筆者の参加したグループでは下記のような発表がありました。

(1) 単独指導。colorsをテーマ。”How many 〜 are there?” 果物や野菜などを題材にした後,中国の国旗を取り上げた。”How many stars are there in the Chinese flag?”大きな星は共産党,4つの小さな星はそれぞれ労働者・農民・知識人・民族資本家を表していることを教えた。
 
(2) Colors とshapes をテーマ。世界の国旗を題材に。星を用いた国旗や,赤,青,白,黄が多く使われていることに気づいた。日本の国旗も白と赤であることに再認識。星の大きさや数に意味があることに気づいた。
 
(3) カナダ人ALTとのTT。日本とカナダの学校給食の比較。カナダではなぜ食事を選べるシステムになっているのか,その歴史的背景などを学んだ。

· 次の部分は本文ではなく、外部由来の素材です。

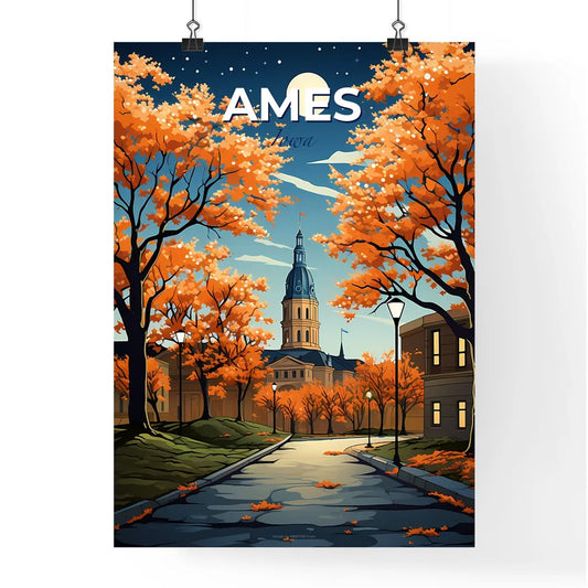 Ames, Iowa, A Poster of a road with orange trees and a building in the background

 上記のように興味深く,参考になりそうな発表にたくさん触れることができるでしょう。各自持ち帰って実践してみることはもちろんのこと,学年会や英語活動の担当者の会などで話題にしてほしいと思います。

4.個人レベルの研修

 毎日が研修です。参考書,インターネット,ラジオやテレビ番組(例えばNHKの『BEGIN Japanology』)など,英語や異文化についての情報は無尽蔵です。「ことばや文化」について個人研修として今回特に次の2つをお勧めいたします。

(1) 外国人による日本語弁論大会やそのビデオなど
 一般に外国人による大会や,中国人など特定の国籍の人による弁論大会などが頻繁に開催されています。市町村の教育委員会主催のものも多く,ビデオの入手などもそう難しくありません。NHKは,毎年開催しています。外国人のスピーチにより,日本文化や日本語について意外な事実に気づかされることがあり,授業にも使える題材が少なくありません。例えば,英語と違って日本語は「ピッチ(pitch)」を重んずる言語であるため,「葉が黄色い」と「歯が黄色い」の発音の区別をしていることや,「テレビ」を単独に言う場合と「テレビ番組」と言うときでは「テレビ」の発音を変えている,ことなどが外国人にとっては大変難しいことなどを,最近外国人のスピーチで聞き大変おもしろく感じました。子ども達にも是非経験させたいと思いました。

(2) ALTなど外国人から学ぶ姿勢を常に持つこと
 いつも知識欲を強く持ってALTなどに接していると,英語と日本語との違いなどに気づく力が育ちます。例えば,日本語の「指」を取り上げますと,手だけでなく足にも使っています。しかし,英語では手の場合はfinger, 足の場合は,別の単語(toe)を使っています。日本語では,足の「親指」とか「小指」と言うことはありますが,足の「人差し指」とは言いません。また,日本語では人を差す時に使う指を「人差し指」と呼んでいますが,アメリカなどでは,指で人を差すことはタブーとされています。また,英語では鼻と上唇の間の部分は唇の一部と考えられ,He grows moustache on his lips.などと言うそうですが,このような情報は書物ではめったにお目にかかることができません。いわゆる「口コミ」によって得られる情報です。このようなinquisitive(知識欲のある)な姿勢は,異文化やことばを学ぶ時には最も大切な資質と言えると思います。

5.おわりに

 ことばや文化を学ぶためのさまざまな研修方法や場面について述べて見ました。しかし,教員一人ひとりの学ぼうとする姿勢こそが最も大切だと思います。ことばや文化について気づく力を高め,それによって得た知識や経験を教員が互いにシェアし,英語を使いながら楽しい英語活動を作り上げていきましょう。